The shadow king came toward him, and Holland took a single, final step back, his shoulders meeting the pillar as his fingers tightened on the metal cylinder.
He could feel Osaron’s hunger.
His need.
“Do you want to see your world? How it crumbles without you in it?”
A cold hand, not flesh and blood but shadow and ice, came to rest against Holland’s heart.
I am tired, he thought, knowing Osaron would hear. Tired of fighting. Of losing. But I will never let you in.
He felt the darkness smile, sickly and triumphant.
“Have you forgotten?” whispered the shadow king. “You never cast me out.”
Holland exhaled. A shuddering breath.
To Osaron, it might have sounded like fear.
To Holland, it was simply relief.
It ends, he thought as the darkness wrapped itself around him, and sank in.
VI
Lila was on her knees when it happened.
Osaron returned to Holland, like steam into a pot, and his body went rigid. His back arched. His mouth opened in a silent scream, and for an awful moment, Lila thought it was too late, thought he’d been too slow, hadn’t had the time, or the strength, or the will to hold on—
And then Holland slammed the Inheritor’s point into his palm and said a word through gritted teeth.
“Rosin.”
Give.
An instant later, the shadow palace exploded into light.
Lila gasped as something began to tear inside her and she remembered the binding ring. She closed her hand into a fist and smashed the band against the stone floor, severing the connection before the Inheritor could pull her in as well.
But Kell wasn’t fast enough.
A scream escaped his throat and Lila scrambled up, stumbling toward him as he curled in, clawing at the ring with blood-slicked fingers.
Rhy reached him first.
The prince was shuddering, his body slipping between life and death, whole and unmade and whole again as he knelt over Kell, his ghostly fingers wrapped around his brother’s hand. The ring came free. It skated across the floor, bouncing once before dissolving into smoke.
Kell collapsed against Rhy, ashen and still, and Lila fell to her knees beside them, smearing blood on Kell’s cheek as she felt his face, ran a hand through his hair, the copper parted by a streak of silver.
He was alive, he had to be alive, because Rhy was still there, leaning over him, eyes empty and full at the same time, soaked in blood, but breathing.
In the center of the room, Holland was a sphere of light, a million silver threads laced with black, all of it visible, all of it unraveling into the air around him in silence that wasn’t silent at all but ringing in her ears.
And then, suddenly, the light was gone.
And Holland’s body folded to the floor.
VII
Kell opened his eyes and saw the world falling apart.
No, not the world.
The palace.
It was crumbling, not like a building made of steel and stone, but like embers burning, rising up instead of down. That was the way the shadow palace fell. It simply broke apart, the imagined dissolving, leaving only the real behind, bit by bit, stone by stone, until he was lying on the floor not of a palace, but in the ruined remains of the centered arena, the seats empty, the silver-and-blue banners still drifting in the breeze.

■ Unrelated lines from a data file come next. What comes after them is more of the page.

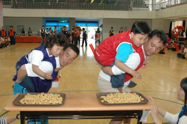 단체게임 가족계주 우리 친구들이 출발하고 관장님께서 1등으로 들어오시고 결과는 청팀 승리~!
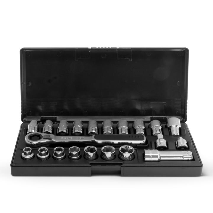 Be the first to review “SATA, 21 PC. 3/8” 6PT MET/SAE PA-THRU SKT SET”
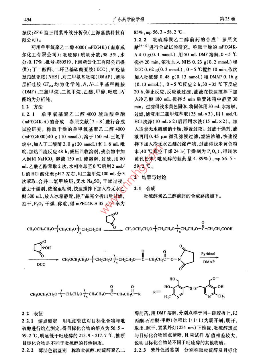 吡硫醇聚乙二醇前藥的合成與表征
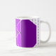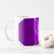 Diese Tasse hat ein Bauhaus-Design von überlappenden Hexagonen in lila Tönen auf einem Feld von weißen und gepunkteten lila Linien.

Kell tried to sit up, and gasped, forgetting he’d been stabbed.
“Easy,” said Rhy with a wince. His brother was kneeling beside him, covered in blood, his clothing torn in a dozen places where the ice had run him through. But he was alive, the skin beneath the cloth already knitting, though the ghost of pain lingered in his eyes.
Holland’s words came back to Kell.
“You’ve cut strings from your magic and made a puppet.”
Holland. He dragged himself slowly upright, and found Lila crouching over the other Antari.
Holland was lying on his side, curled up as if he’d simply gone to sleep. But the only time Kell had seen him sleep, everything about him had been tense, wracked by nightmares, and now his features were smooth, his sleep dreamless.
Only three things broke the image of peace.
His charcoal hair, which had turned a shocking white.
His hands, which still clutched the Inheritor, its point driven through his palm.
And the device itself, which had taken on an eerie but familiar darkness. An absence of light. A void in the world.
Holland had done it.
He had trapped the shadow king.
VIII
In myths, the hero survives.
The evil is vanquished.
The world is set right.
Sometimes there are celebrations, and sometimes there are funerals.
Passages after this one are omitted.